Alabama’s state owned and operated retail liquor stores serve the sole purpose of transforming the wealth of Alabama taxpayers (about 4 million or so) into pay, benefits, and rents for a small group of state employers (about 600) and lease holders (no more than 176). The ongoing clamor over the proposal to close these stores illustrates the Law of Concentrated Benefit and Distributed Cost.
In this case we have a large benefit paid to a few paid at a small cost to many. The small group benefits from a narrow public policy and fights hard to preserve the benefit while the broader group which pays for the benefit does not fight because they find it not worth the effort to oppose it. This is one reason why special interest groups can be so powerful and why they can be successful in pushing policy that is harmful and unaffordable to the citizens of the state. The Alabama Education Association is another example of this principle in action.
Alabama has a mix of state and private liquor stores, about 176 and 550 respectively, with the state stores doing about 75 percent of the business. Taxes are the same on the booze sold in both types of stores and those taxes all go to the Alabama treasury. Private stores also pay other taxes, e.g., real estate and income taxes. And the private stores must buy the booze they sell from the state, but that calculus is not considered here.
The state stores have also annually distributed to the treasury excess revenue ranging from $303 thousand to almost $13 million in the years 2008 through 2013. The net benefit of the state stores is small and variable. And that benefit is also overstated because state accounting does not consider future payments that will have to be made to retired state employees because, like most states, the Alabama retirement system is underfunded.
The Alabama is considering SB115, a bill which would close the state liquor stores and make the retail booze business completely private. The Legislative Fiscal Office has opined that this would increase state tax revenue by $16 to 25 million per year beyond the status quo described above. In a state facing a large budget deficit and the prospect of large tax increases, getting ‘Bama out of the booze business makes lots of sense to most people. So why the clamor over such a sensible bill?
The clamor is explained by the Law of Concentrated Benefit and Distributed Cost. The small group getting benefits from working in or leasing stores is working hard to keep their benefits. That is as understandable as it is unaffordable – unless you want to pay more taxes.
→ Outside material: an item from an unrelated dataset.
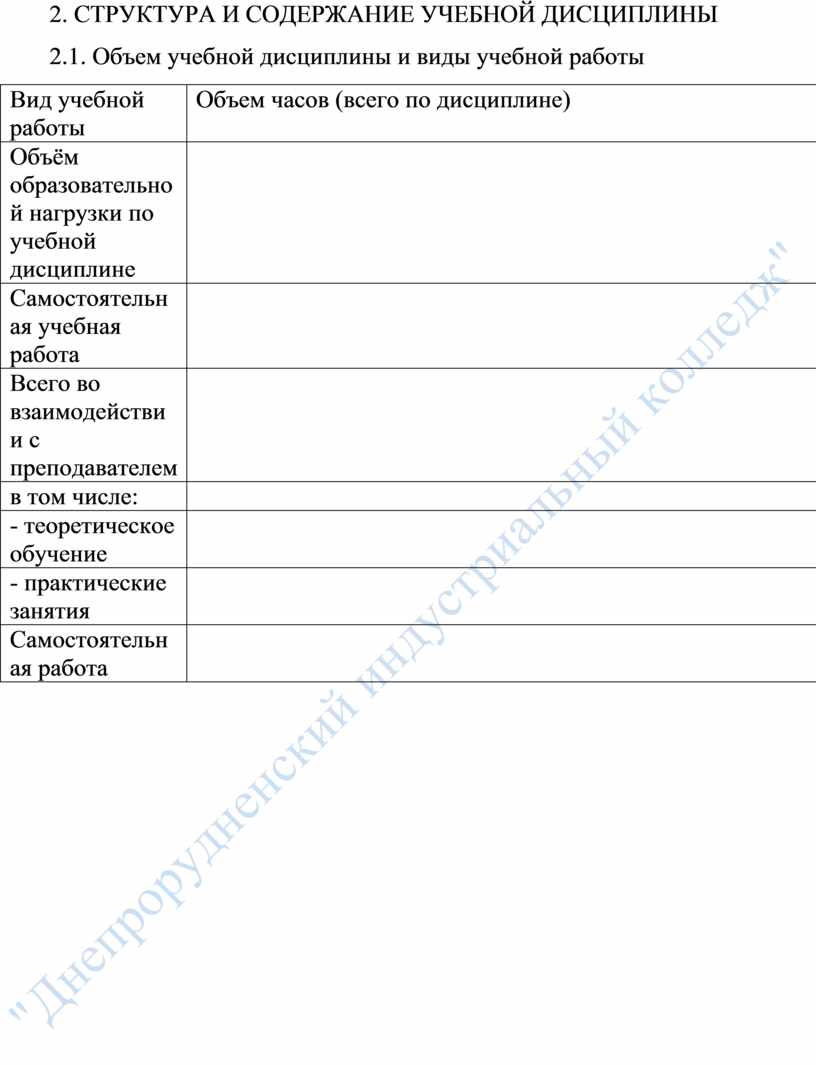 2. СТРУКТУРА И СОДЕРЖАНИЕ УЧЕБНОЙ ДИСЦИПЛИНЫ

Even though they provide no benefit and serve no essential services for the taxpayers, the rent seekers and employees have lots to lose. They and their lobbyists have gotten to four Republican senators (pictured below) on the committee working SB115 and convinced them to block the bill and keep their gravy train going. In stopping the bill in committee, those senators have now bought the goodwill and votes of the special interest with taxpayer money.
But the special interests and their swineherds are not the only ones who can make noise. Now would be a good time for conservatives to speak up against cronyism and for limited government.